The Governor nodded, sipping at his tea. “It very nearly was.”
“So what is the great threat?”
He started to put the cup down, then brought it back to his lips for another sip, seeming to use the moment to collect his thoughts.
“The battle was a farce. Our ships barely engaged. It was mostly infighting between the pirates, a power struggle between the old leadership and an upstart calling himself ‘the Starhawk.’” Glunt couldn’t help but make mocking air quotes with his fingers. “The old guard was content to stick to the belt and raid the shipping lanes, skimming a fat comfortable profit from interplanetary trade; Starhawk gained power by calling for strikes at the cities themselves, expanding their territory. His forces baited ours into engaging the main pirate fleet, but he cut and run once the battle started. He’s got a fleet about a fifth the size of the previous pirate coalition, and he claims they’re headed this way ahead of our returning fleet.”
“Can anything be done?”
“A brain aneurysm could strike Starhawk at this very moment and bring all of this to a sudden and peaceful halt.”
“There is a very small chance of that happening.”
“Yes, I understand that, Gim. Terrible time to joke, but I was only kidding. Mostly. Anyway, Starhawk has told me he never wanted to actually strike at the Core—he only convinced the pirates to follow him out here because he’s told them we have the coordinates to the vast buried treasure hoard of a dead pirate named Dreadstar—a map of sorts. He’s told me if we give up the map he’ll leave our city alone.”
“You've spoken to him?”
“He's called me. Hacked through my lenses somehow, I couldn't even turn them off. He threatened to raid the planet if we don't give up the map, but he says they'll leave us alone if we give it up.”

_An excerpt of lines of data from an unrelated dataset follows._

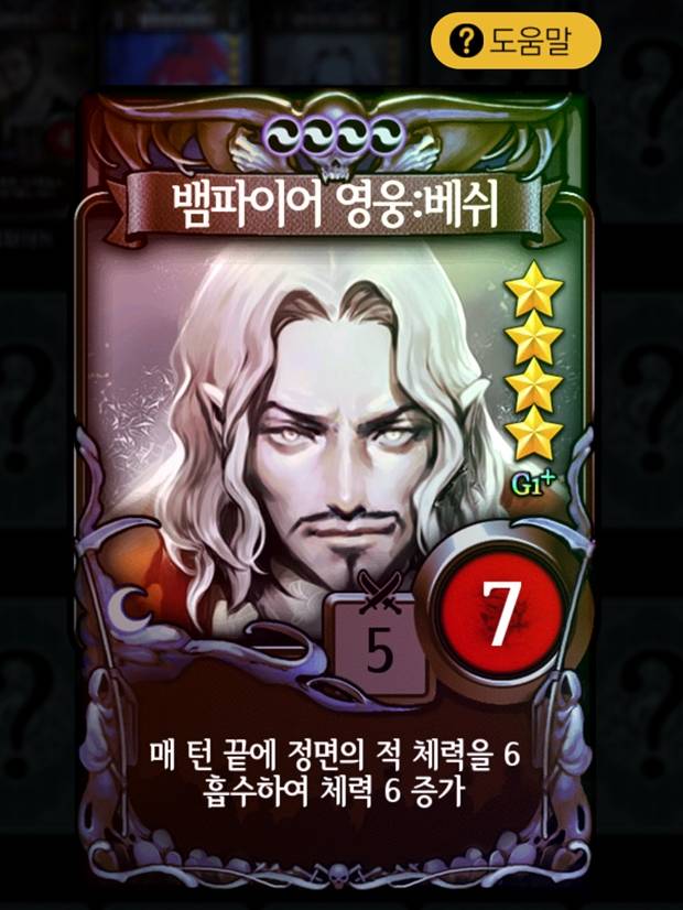 <어둠 - 뱀파이어 영웅 베쉬>어둠 진영 최강의 탱커로 꼽히는 뱀파이어 영웅 배쉬는 매 턴 끝에 자신과 마주한 적의 체력을 흡수하고 그만큼 자신의 체력을 높인다. 단순히 체력만 높이는 것이 아니라 체력의 최대치까지 지속적으로 상승하기 때문에 1레벨 기준으로 체력이 7에 불과환 베쉬의 체력이 어느 사이에 그 2배 정도까지 높아진 것을 볼 수도 있다.
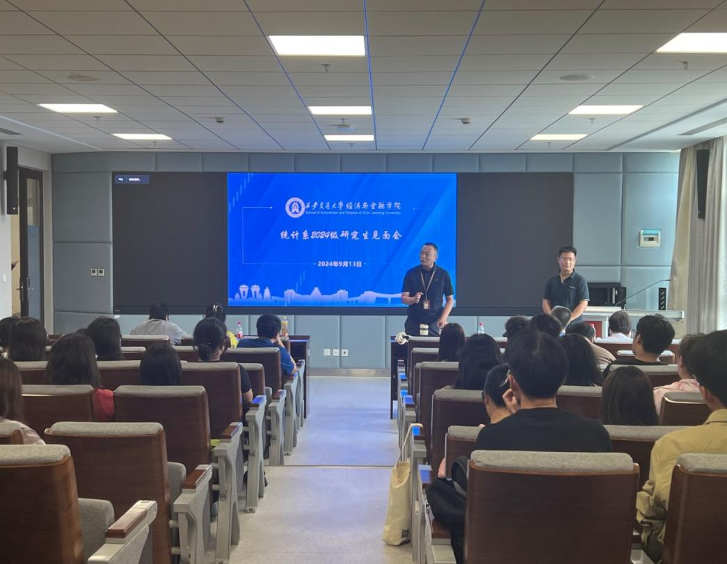2024年9月13日下午,经金学院统计系在创新港校区涵英楼8003教室举行了2024级研究生新生见面会,经金学院副院长赵春艳教授、统计系系主任李聪教授、副系主任林颖副教授、统计学学科带头人严明义教授、统计系全体教职工及学院研究生教务李晓红老师出席了本次见面会,会议由统计系支部书记惠永昌副教授主持。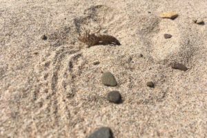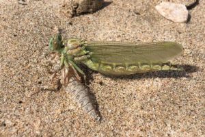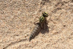 Larven van de rivierrombout kruipen de strandjes van de rivier op en ontdoen zich daar van hun huidje. Zoeken naar deze overblijfselen (zie de foto onder) is dus de makkelijkste manier om de aanwezigheid te bepalen. Nina Boemaars was getuige van het ‘uitsluipen’ van een rivierrombout in de Kil van Hurwenen. Een hele belevenis!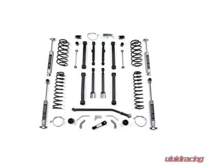 The rear kit utilizes Glide-Ride coil springs for maximum travel, stainless braided brake line, rear track bar relocation bracket, BDS ultimate sway bar disconnects for the most possible articulation, and heavy duty front upper adjustable and fixed length lower control arms. Finish of the kit with your choice of specially tuned NX2 nitro series gas shocks or FOX 2.0 IFP performance series gas shocks to offer improved damper performance.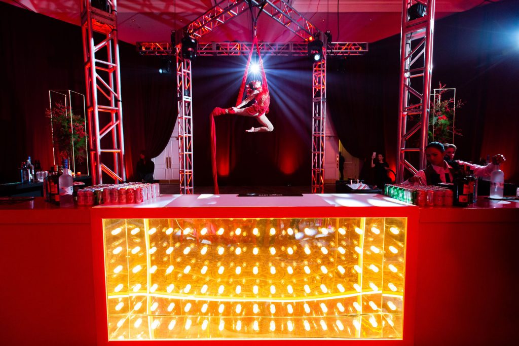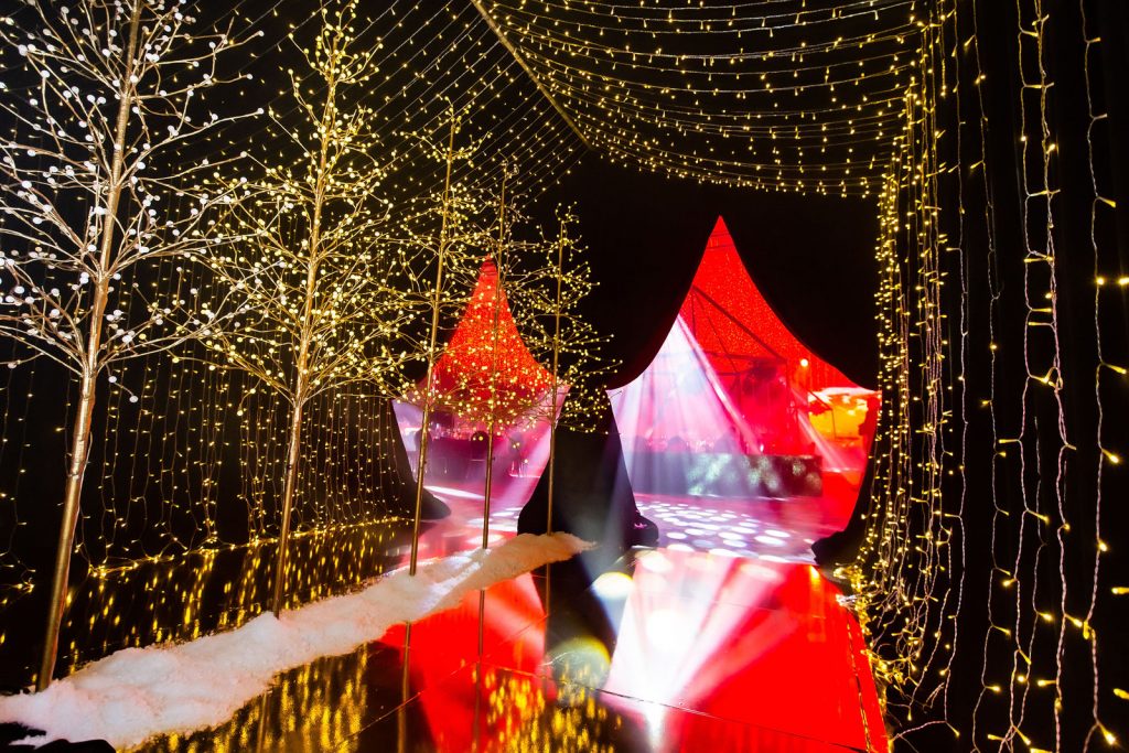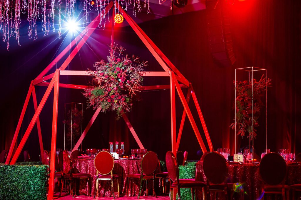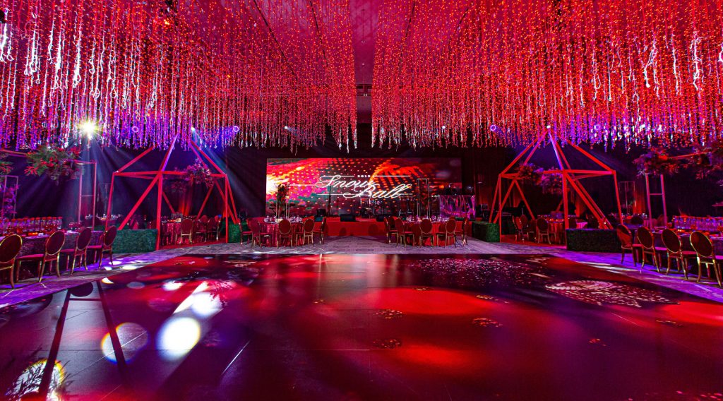 This year, WOW brought snow to sunny Miami for their 5th Annual Snowball Gala. Drawing inspiration from the festive holiday season, the team created an immersive winter wonderland experience for guests, complete with a tunnel of lights and a jaw-dropping ceiling of 390,000 red bulbs and 10,000 string lights.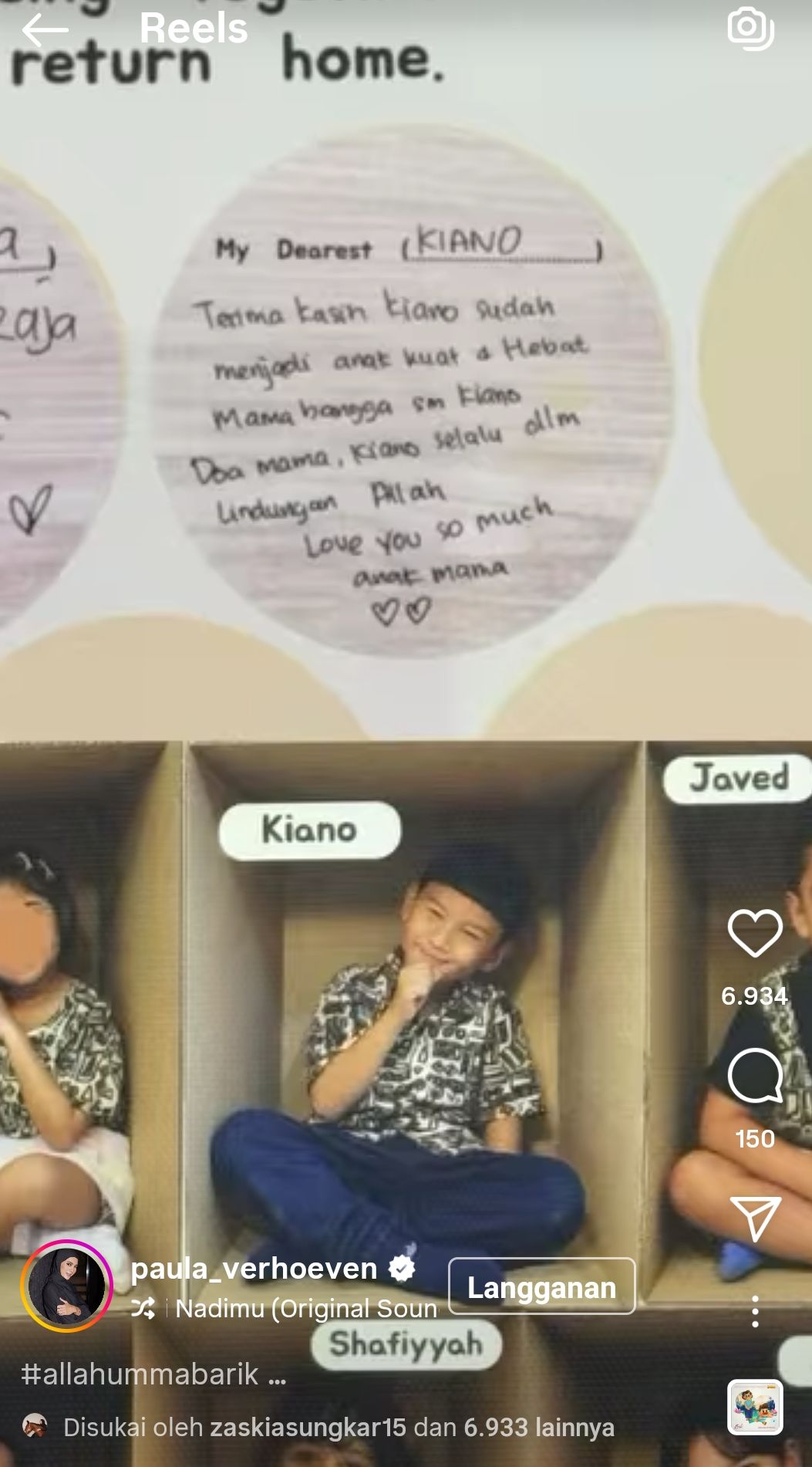 Pertama Paula Verhoeven menuliskan pesannya untuk Kiano, sang putra sulung. Model berhijab itu juga mengungkapkan perasaan sayangnya kepada sang buah hati.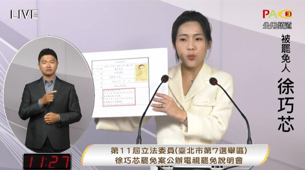▲臺北市選委會18日進行公辦電視罷免說明會,下午由徐巧芯與曹興誠各進行二輪發表。(擷取自臺北市選委會YT頻道)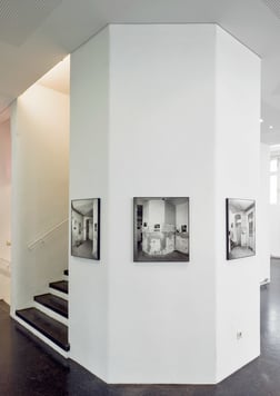 The alternated examination of architecture, setting and marks of use within a picture creates tension, no item is permanently focused: mural damages, varying ceiling heights, segments of the floor plan, posters getting detached from the wall or a towel stuck. Afterwards the gathering of these precisely documented sections of space in this exhibition enables a fragmentary joining and thus an imagination of space - less than an entire space but like a building to be recognized, room after room, in the process of walking through. Finally the comparison of the documented sections of space with the actual situation can be started.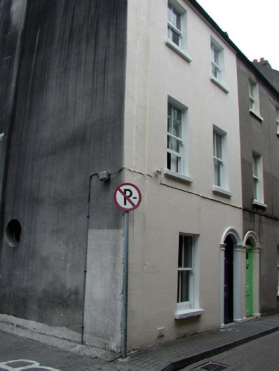 End-of-terrace two-bay three-storey house, c.1860, retaining original fenestration. One of a pair. Pitched (shared) slate roof with clay ridge tiles, rendered chimney stacks, and cast-iron rainwater goods on rendered eaves. Painted rendered, ruled and lined wall to front (south-east) elevation. Unpainted rendered walls to remainder. Square-headed window openings with stone sills, and 2/2 timber sash windows. Round-headed door opening with moulded rendered surround. Replacement timber panelled door, c.1985, with overlight. Road fronted with concrete brick cobbled footpath to front.

“And this map—is there any truth to it?”
“It’s authentic.”
“Historically speaking, I must advise you that such promises are rarely kept,” Gim said.
“Yes, Gim. I’m afraid you’re right.”
“How will you proceed?”
Glunt chomped at a sausage link. “I’m going to run away. And you’re coming with me.”
Gim allowed surprise to register on his face, but did not comment, studying the Governor as the man nonchalantly finished his meal, probing his face for answers. His manner and expression indicated that he was most likely withholding some piece of information which he planned to reveal for dramatic effect. It was actions such as these that puzzled Gim about the Governor—surely he must know that a fabricant would feel no sense of apprehension, no buildup of emotional tension. Was it purely for his own amusement?
“We’re going to save the planet,” Glunt said, breaking the silence. “I have the map under my control. I’ve already arranged an expedition and we’re going to go after the treasure before Starhawk does. By the time he gets to Surface, we’ll be long gone with the map, and he’ll be forced to chase after us—away from the planet. Back to the belt. Back to our fleet.”
“Where is the map?”
“Waiting on our ship,” Glunt said as he downed the dregs of his tea.